Malnutrition Looms in South Sudan


Malnutrition is escalating in conflict-torn South Sudan. About 1.25 million children under the age of 5 need emergency nutrition.

Deadly clashes in South Sudan have interrupted the nation’s main harvests of sorghum, corn, and groundnut and severed food supply lines to areas already weakened by food insecurity.

Conflict flared up between government and opposition forces in December, killing thousands in South Sudan and displacing more than 716,000 people within the oil-rich region. About 156,000 people have fled to neighboring African nations of Kenya, Uganda, and Ethiopia.

Violence forced families to flee without their harvested crops, much of which was eventually destroyed or looted, the Famine Early Warning System Network reports.

Floods last fall also took away months of potential food stocks, hampering people’s livelihoods.

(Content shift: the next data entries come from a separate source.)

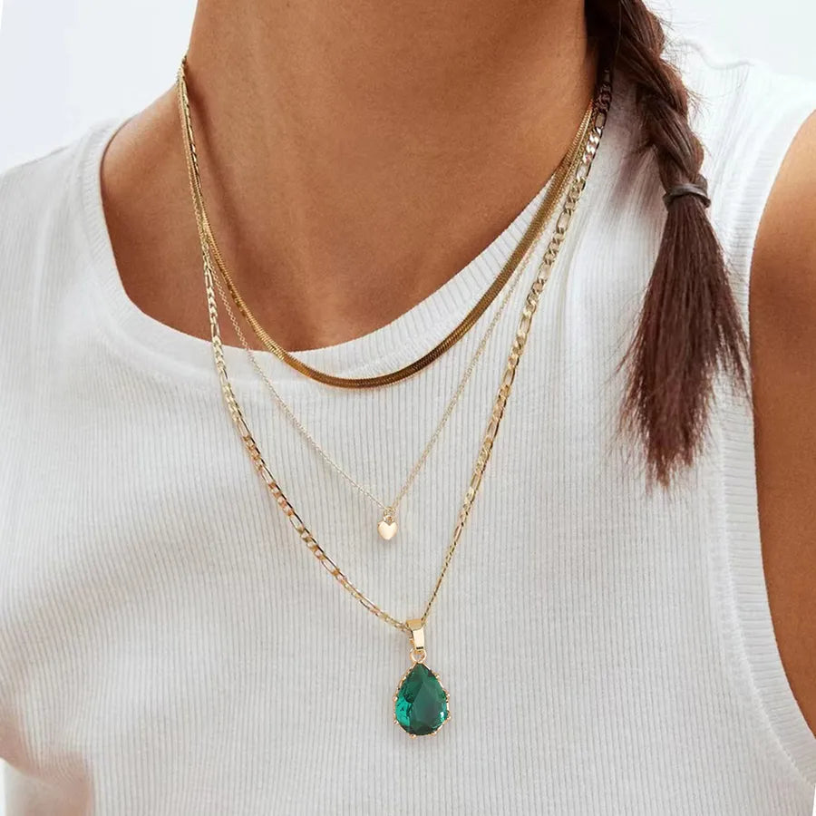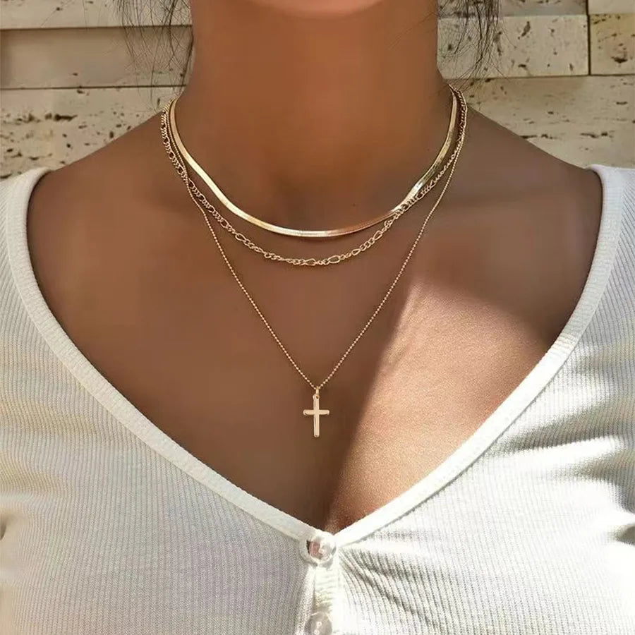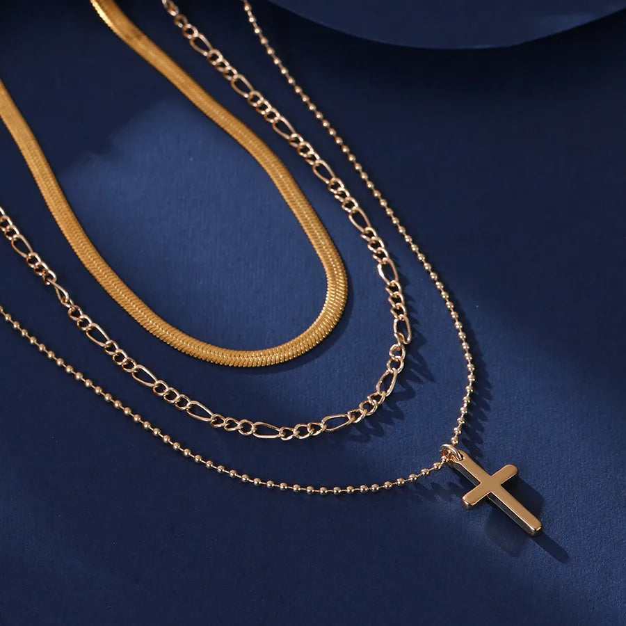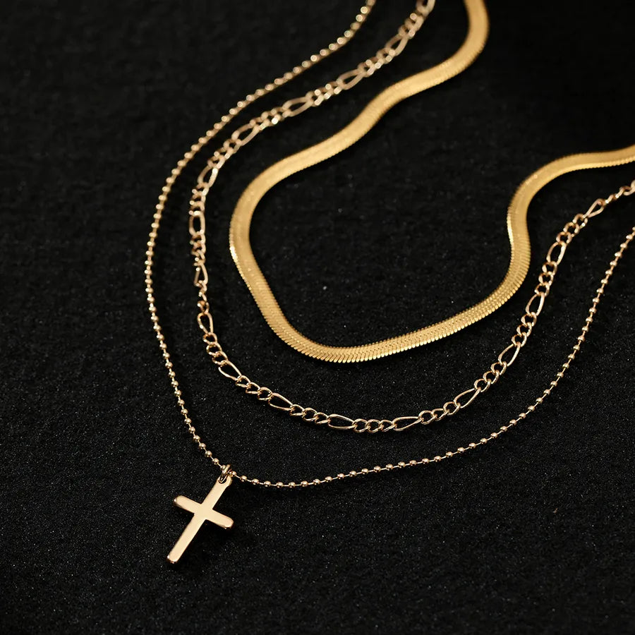 201 Stainless Steel Copper Cross Necklace - Gold / Water Drop
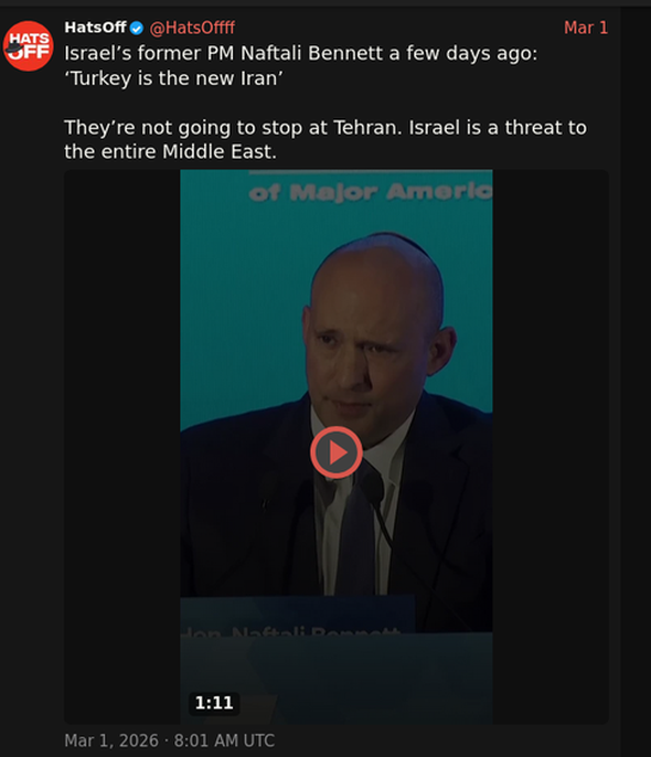 >turkeyyeah, ok... Remember Joe Kent's tweet from a week or so ago. If they do try to pull out of NATO it will be to further israeli plans to go to war with Turkey, a NATO ally.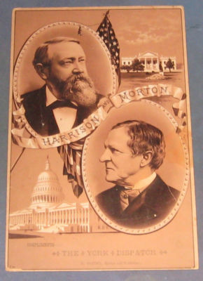1888 PRESIDENT HARRISON & MORTON POSTER COMPLIMENTS THE YORK DISPATCH

An estimated 78 percent of people in rural South Sudan rely on farming for income, according to the U.N.’s Food and Agriculture Organization.

Two-year-old Lual Akol’s family is among them. They were desperately low on food and money, and the toddler needed something to eat.

“We didn’t harvest anything this year,” Lual’s mother, Awich, said in November, a month before fighting. “I have been selling firewood in Kuajok town to earn some cash, which I use to buy food.”

World Vision is operating nutrition programs for malnourished children in northern South Sudan. There, Lual received a supply of Plumpy’nut®, a nutrient-rich, peanut-based paste, which aid workers say helped restore his health.

World Vision has helped at least 36,000 children like Lual. The agency also has provided more than 30,000 people with food rations and household supplies in Upper Nile state and food and survival kits in Kakuma refugee camp northwestern Kenya, near the border with South Sudan.